A unidade integral está na base dos discursos que tratam do indivíduo imigrante. Esses discursos constroem geralmente a história pessoal desse indivíduo. O mais frequente é ocorrer a debreagem interna (dar a palavra ao imigrante). A partir daí, o discurso do imigrante toma a forma de um percurso no qual ele conta suas motivações para vir ao Brasil, suas impressões, expectativas e quais os modos usados para superar diversos obstáculos postos em sua vida. Além disso, em geral, o imigrante menciona sua relação com o Brasil e a imagem que ele possui dos brasileiros. Há, por fim, um predomínio forte da figurativização e da iconização dos atores nesse tipo de discurso:

Em agosto do ano passado, o boliviano Edgar Guzman Huanca, na época com nove anos, estava indo muito bem na escola e já falava português melhor do que os pais, que haviam trocado a Bolívia por São Paulo em 1990. Hoje Edgar não aprende nem fala português, pois foi obrigado a voltar para a Bolívia e viver longe da família após ter sido expulso da escola onde estudava (Jornal Zero Hora, 1º. de setembro de 1994: 40)62.

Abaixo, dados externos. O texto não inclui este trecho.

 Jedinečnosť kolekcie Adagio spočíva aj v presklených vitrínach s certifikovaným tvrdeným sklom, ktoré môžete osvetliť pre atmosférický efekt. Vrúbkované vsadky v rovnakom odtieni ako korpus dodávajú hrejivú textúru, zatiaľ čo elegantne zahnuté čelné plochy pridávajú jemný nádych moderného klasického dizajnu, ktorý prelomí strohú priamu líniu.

À noitinha, a fome apertou e Kudama desceu para comprar pão. Antes de voltar, todavia, o trem partiu, levando os desesperados Yassuda e Nagasi, que choravam com pena do amigo. Kudama também chorou muito, até que resolveu dormir num banco da praça da República, onde ficou até à hora do fechamento dos portões (Pagote e Moraes, 1958: 22).

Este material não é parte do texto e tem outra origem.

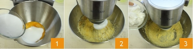 Um den Orangenkuchen mit Joghurtcreme zuzubereiten, beginnen Sie mit der Basis: Geben Sie die Eigelbe in die Schüssel einer Küchenmaschine mit Schneebesen, wobei Sie darauf achten, die Eiweiße beiseite zu stellen, die später benötigt werden. Fügen Sie den Eigelben die Hälfte des Zuckers hinzu 1, schalten Sie die Küchenmaschine ein und schlagen Sie die Mischung, um die Zutaten zu vermischen 2, fügen Sie bei laufender Maschine den Joghurt hinzu 3
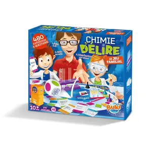 Jette le dé, pioche une carte et réussis l'expérience pour gagner! Un jeu de plateau familial avec des expériences de chimie! Plus de 450 épreuves. Contient les accessoires nécessaires pour réaliser les expériences : lunettes de protection, tubes à essai avec bouchon, papier PH, bicarbonate de soude, pince, bobine de fil, ballons, seringue, entonnoir, pailles, gobelets... En-tête / Fabricant=Buki;Cedemo / Capacités développées=Exploration;Cedemo / Catégories=Jeux de plateau;Type de Produit=Jeux de réflexion et connaissance;Cedemo / Capacités développées=Partage;Dimensions et poids / Largeur=380;Cedemo / Catégories=Sciences et Découvertes;Jeux de société / Catégorie 1=Jeux éducatifs;Dimensions et poids / Longueur=70;Cedemo / Couleur produit=Multicolore;Nombre de participants max=6;Cedemo / Certifications=CE;Enfants, Jeux et Jouets / A partir de=10;Dimensions et poids (emballé) / Hauteur emballée=370;Cedemo / Utilisation=Intérieure;Cedemo / Capacités développées=Curiosité;Dimensions et poids (emballé) / Largeur emballée=380;Enfants, jeux et jouets / Public=Premier âge;Titre=Sciences Chimie Délire;Dimensions et poids / Poids=1678;Cedemo / Capacités développées=Interaction;Tranche de poids=500 g à 3 kg;Cedemo / Gamme du produit=Sciences;Dimensions et poids (emballé) / Profondeur emballée=70;Cedemo / Capacités développées=Reflexion;Nombre de participants min=2;Jeux et jouets / Sexe=Adulte mixte;Matière dominante=Plastique;Cedemo / Capacités développées=Apprendre les sciences;Jeux et Jouets / A partir de=10;Cedemo / Capacités développées=Adresse;Jeux et jouets / Lieu de fabrication=Chine;Dimensions et poids / Hauteur=370;Cedemo / Saisonalité=Permanent

Do lado da unidade partitiva, a presença da figurativização continua presente, mas sem a iconização do tipo discursivo anterior. Esse discurso trata da imigração e do imigrante de uma maneira “mais ampla”, construindo um determinado papel temático para desenvolver sua isotopia. Esse percurso temático e figurativo, por vezes, pode resvalar na estereotipia e na cristalização de determinadas imagens associadas à imigração. Esse é o caso dos discursos que associam a ideia de que judeus são ótimos comerciantes, os japoneses são estudiosos e os italianos e os espanhóis, trabalhadores incansáveis, entre outros percursos:

Os vestibulandos costumam dizer que não passa de brincadeira a ideia de que os estudantes de origem asiática conquistam mais vagas nas melhores universidades. Mas o mito pode causar ainda mais expectativa em quem já está bastante preocupado com a concorrência no vestibular (Folha de S. Paulo, 05 de setembro de 2002: Página especial 3).

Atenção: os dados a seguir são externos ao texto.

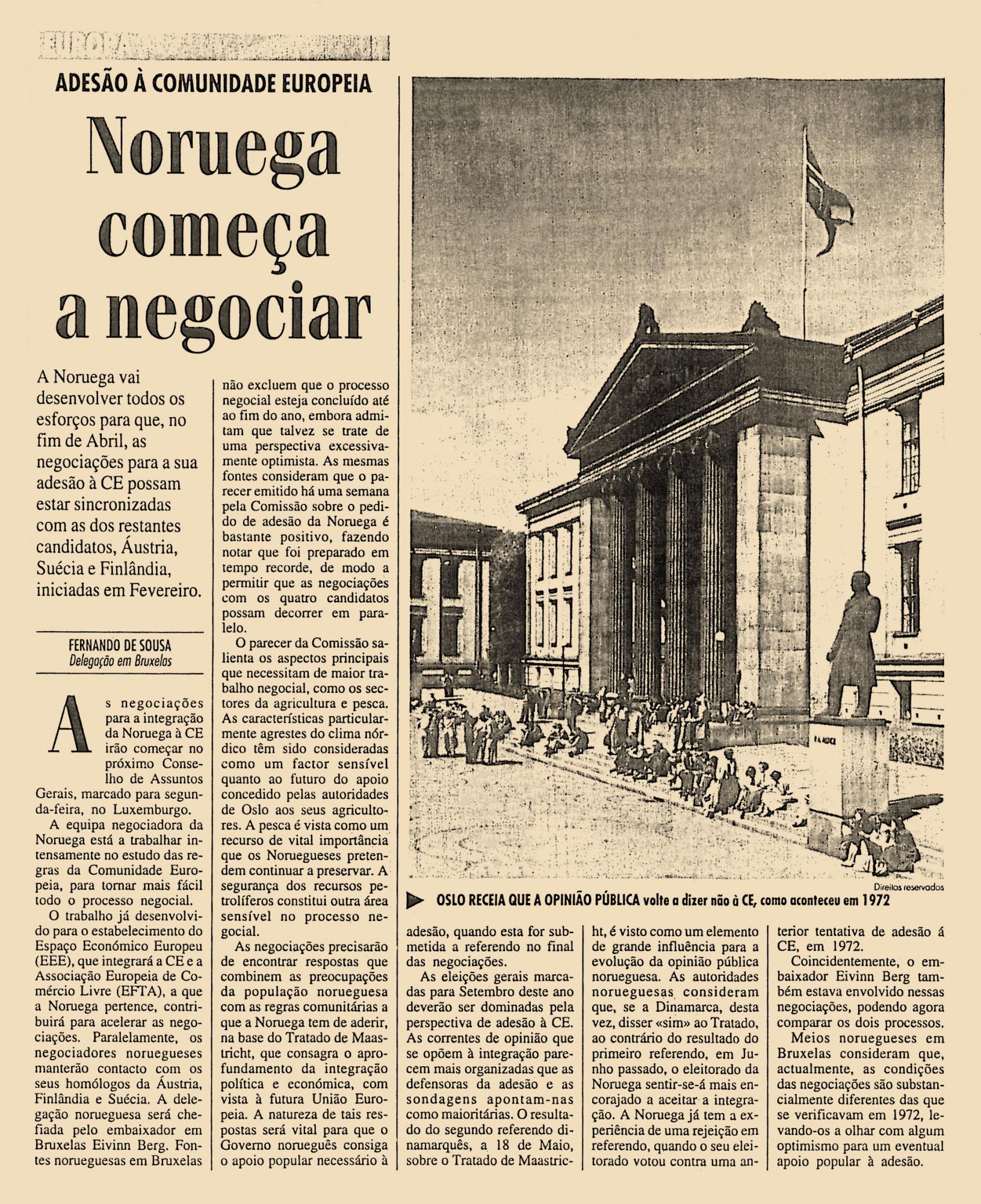 A Noruega vai desenvolver todos os esforços para que, no fim de Abril, as negociações para a sua adesão à CE possam estar sincronizadas com as dos restantes candidatos, Áustria, Suécia e Finlândia, iniciadas em Fevereiro.

Na totalidade integral, os discursos circunscrevem-se a um único grupo, como a imigração japonesa, alemã, italiana, espanhola etc. ou simplesmente referem-se à imigração ou aos imigrantes, de forma genérica. Esses discursos poderiam ser também chamados de “as grandes narrativas”, pois trabalham os traços mais gerais da história da imigração de um determinado grupo:

Para impedir que elementos estrangeiros no Brasil venham perturbar a nossa soberania ou serem fatores dissociativos ou enfraquecedores do espírito da nacionalidade é preciso cuidar-se da assimilação do alienígena e de seus descendentes. Daí decorre a necessidade imprescindível de associar-se ao problema imigratório o de assimilação (Côrtes, 1947: 6).

Por fim, a totalidade partitiva trata de uma coletividade temática: a família, a escola, a comunidade, a associação, o hospital, o clube etc. voltados para os imigrantes. Esse tipo de discurso se refere a coletividades menores e a atividades específicas de determinado grupo imigrante:

O papel da família na educação nipônica é muito importante, e à total autoridade paterna cabe formar o espírito de disciplina e obediência nos mais jovens. Esta parte da educação foi e é cumprida pelos ‘issei’, e para complementá-la apareceram as escolas japonesas, com professores, currículos e programas iguais aos do curso primário japonês. Antes da guerra essas escolas funcionavam abertamente, com seus 6 anos de ensino, tanto em zonas

rurais como urbanas, onde houvesse um número de japoneses suficiente para mantê-las (Cardoso, 1959: 103-104).

Evidentemente, diante da complexidade constitutiva dos discursos, muitas vezes é possível observar uma mistura de tipos, mas sempre com o predomínio de um sobre os demais. Essa tipologia, contudo, não é suficiente para explicar como se estabelecem as relações entre imigrantes e a sociedade e o Estado brasileiros nem as imagens produzidas nessas relações. A interação entre identidade e alteridade será explicada de outra forma. Como veremos a seguir, o princípio que servirá de base para a interação será a formação dos valores.